Blandford fly

Scientific classification
- Kingdom: Animalia
- Phylum: Arthropoda
- Clade: Pancrustacea
- Class: Insecta
- Order: Diptera
- Family: Simuliidae
- Genus: Simulium
- Species: S. posticatum
- Binomial name: Simulium posticatum Meigen, 1838
- Synonyms: S. austeni Edwards, 1915; S. pseudoreptans Enderlein, 1935; S. venustum Old World authors; S. verecundum Old World authors;

= Blandford fly =

- Authority: Meigen, 1838
- Synonyms: S. austeni Edwards, 1915, S. pseudoreptans Enderlein, 1935, S. venustum Old World authors, S. verecundum Old World authors

Species of fly

The Blandford fly (Simulium posticatum) is a species of black fly. It is a biting insect found in Europe, Turkey and western Siberia. It spends its larval stage in the weedbeds of slow flowing rivers and when the fly emerges, the female seeks a blood meal before mating. It usually bites the lower legs causing pain, itching and swelling. Scratching the irritated areas can lead to breaks in the skin, after which infection may set in.

The Blandford fly's English common name derives from a major outbreak of people being bitten around the town of Blandford Forum in Dorset, England, in the 1960s and 1970s. In a four-week period during the spring of 1972, some 600 people were estimated to have visited their doctors in Blandford to be treated for insect bites.

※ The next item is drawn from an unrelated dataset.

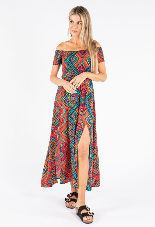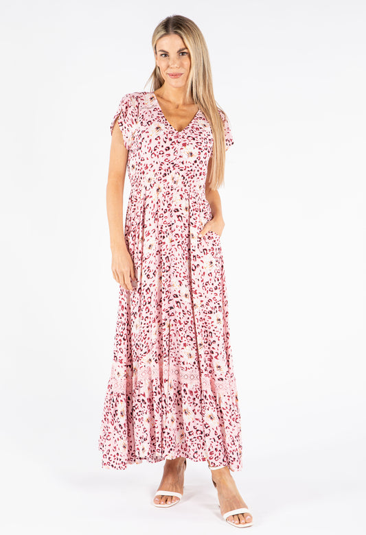 Ribbed Bodice Leopard Maxi Dress in Leopard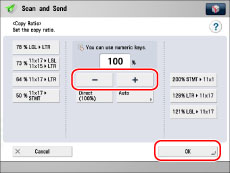 If you set PDF (Trace & Smooth), PDF (Compact), PDF (OCR), XPS (Compact), XPS (OCR), or OOXML as the file format, you can only send at a zoom ratio of [Direct (100%)] or [Auto].

In the late 1980s, Dorset County Council asked the Institute for Freshwater Ecology (now the Centre for Ecology and Hydrology), then based in Wareham, Dorset, to investigate a means of ameliorating the problem. They suggested using a biological, bacterial insecticide, Bacillus thuringiensis israelensis (Bti), which was sprayed into the weed beds, resulting in the destruction of 80–90% of the Blandford fly larvae and a corresponding reduction in the numbers of people bitten. Indeed, it is reported that the number of people bitten has dropped to less than one hundredth of those affected in 1989. The fly has begun affecting people in other parts of southern England, such as Oxfordshire.

==Distribution==
The Blandford fly has been recorded in the following countries: Czech Republic, Denmark, Finland, France, Latvia, Germany, Austria, Belarus, Belgium, southern England, Ireland, Italy, Lithuania, Luxembourg, Netherlands, Norway, Poland, Russia (European Russia and western Siberia), Slovenia, Sweden, Turkey, and Ukraine.